Natalie thanks her for what seems the hundredth time, but she doesn't seem to mind. In a way, it comforts her to be needed in such a motherly way again. To feel like the hole created by loss was temporarily filled.

When a big bowl of steaming meat and vegetables in a brew is sat on her placemat, she could have cried. Her mouth instantly waters and she looks up at Isabelle as if she's an angel watching over her shoulder. For the first time in a long time, there is an actual meal in front of her. Each bite was as special and savoury as the next. Each one brought more peace to Natalie and took away the hunger and emptiness that has been swallowing her whole.

After helping Isabelle and Henry clean up, to the best of her ability, they both look at her after whispering to one another from across the room.

"Henry and I have something to tell you," says Isabelle, holding onto her husband's hand tightly.

"What is it?"

"We want you to know you're welcome to stay for as long as you like."

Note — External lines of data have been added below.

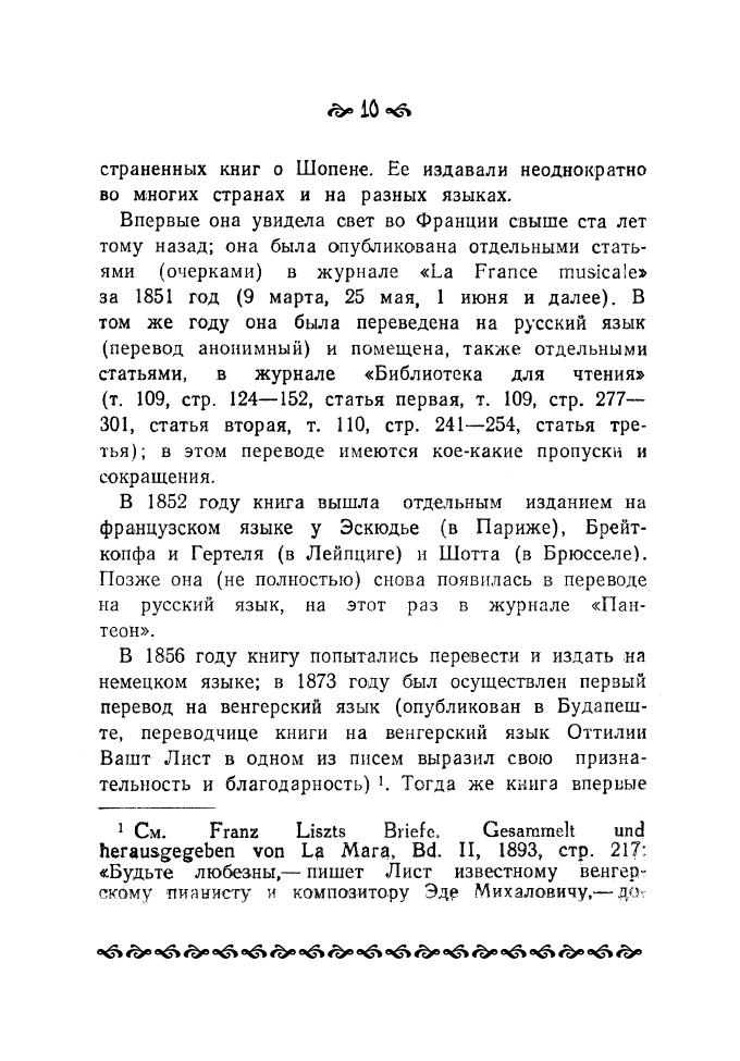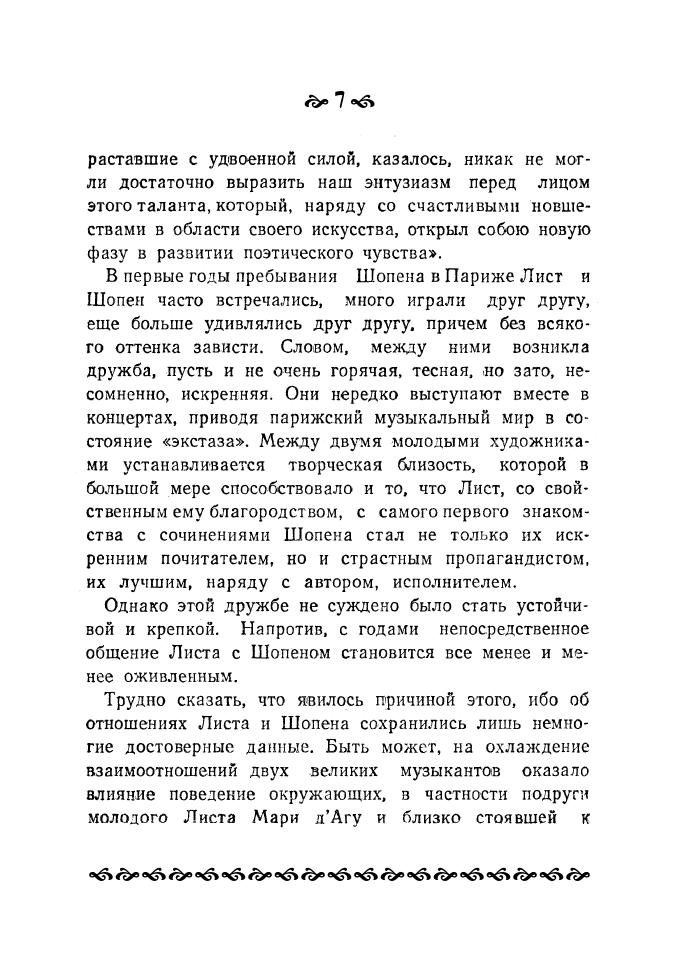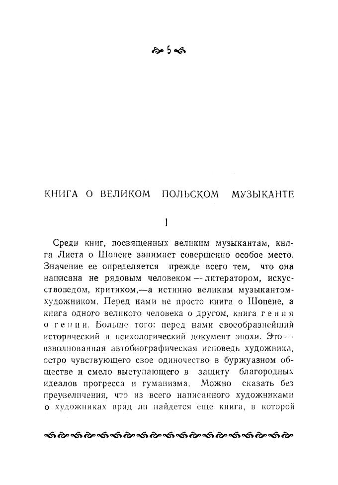 Среди книг, посвященных великим музыкантам, книга Листа о Шопене занимает совершенно особое место. Значение ее определяется прежде всего тем, что она написана не рядовым человеком — литератором, искусствоведом, критиком, — а истинно великим музыкантом-художником. Перед нами не просто книга о Шопене, а книга одного великого человека о другом, книга гения о гении. Более того, перед нами своеобраз-нейший исторический и психологический документ эпохи. Это — взволнованная автобиографическая исповедь художника, остро чувствующего свое одиночество в буржуазном обществе и смело выступающего в защиту благородных идеалов прогресса и гуманизма.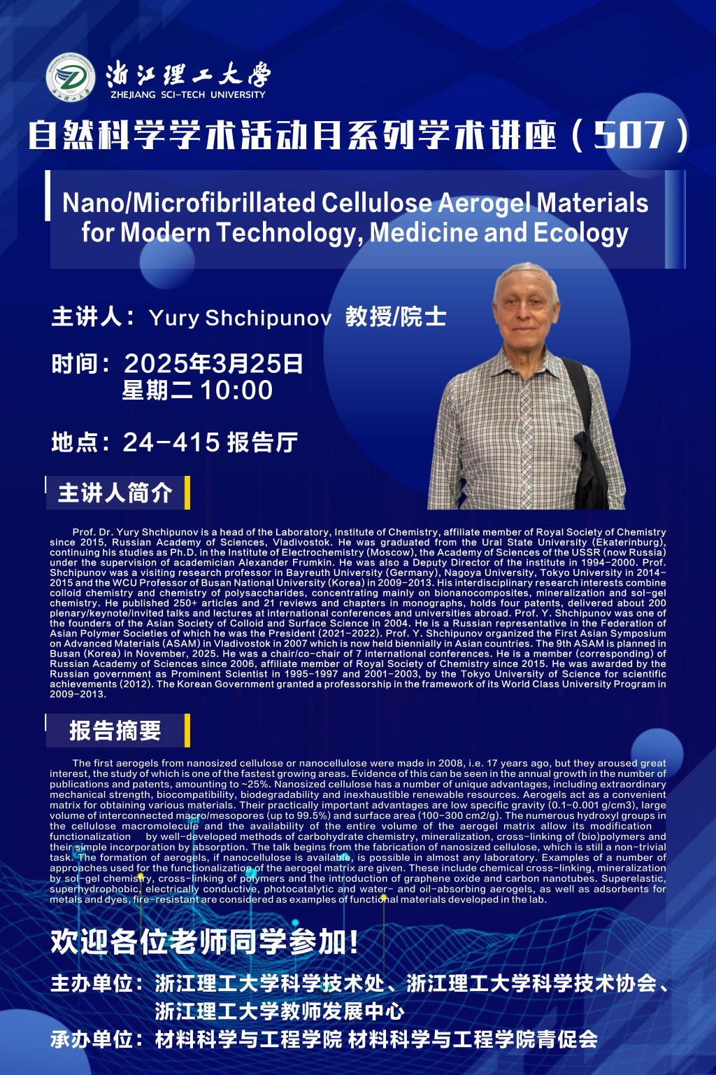 学术讲座 当前位置: 首页 > 学术讲座 > 正文 学术讲座【108】:Nano/Microfibrillated Cellulose Aerogel Materials for Modern Technology, Medicine and Ecology 来源:MK体育时间:2025-03-24浏览次数: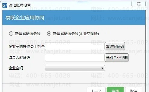 输入手机收到的短信验证码后,点击按钮【获取空间】将该管理员手机号在易联中设置绑定的所有企业空间信息在【企业空间】项的下拉列表中显示;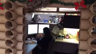 Una cosa es decorar un poco tu lugar de trabajo cuando llega la Navidad, y otra cosa es lo que ha hecho esta mujer: ha convertido su puesto de trabajo en una atracción navideña a la que no le falta detalle. Ha cercado su mesa con 'maderas' simulando una casa con su techo nevado y todo, la puerta está enmarcada por dos arbolitos de Navidad, y en el interior también se intuye otro. Vamos, que no le falta detalle.

"As in the night?" she asks hesitantly.

"As in as many nights as you like," Henry says, his smile growing wider and eyes beginning to tear as he grips onto his wife's hand tighter.

Natalie has become speechless. Her fears are shifting, morphing into a new form. The fear that this is all a dream. That soon she will wake up and be underneath the arch of the park. Or worse; in a cell where she doesn't belong.

"I think I'd like that," Natalie finally says, finding herself beginning to choke up. The couple come over to her and wrap her up in their arms, tears slipping from the corner of their eyes as they find comfort together. Each are pieces of a different puzzle that has been burnt and cut up; but together they form a new one. A stronger one. If she dares to dream, they could even help her prove her innocence. The true culprit could finally be punished and the officer's family could know the truth. She could trust again.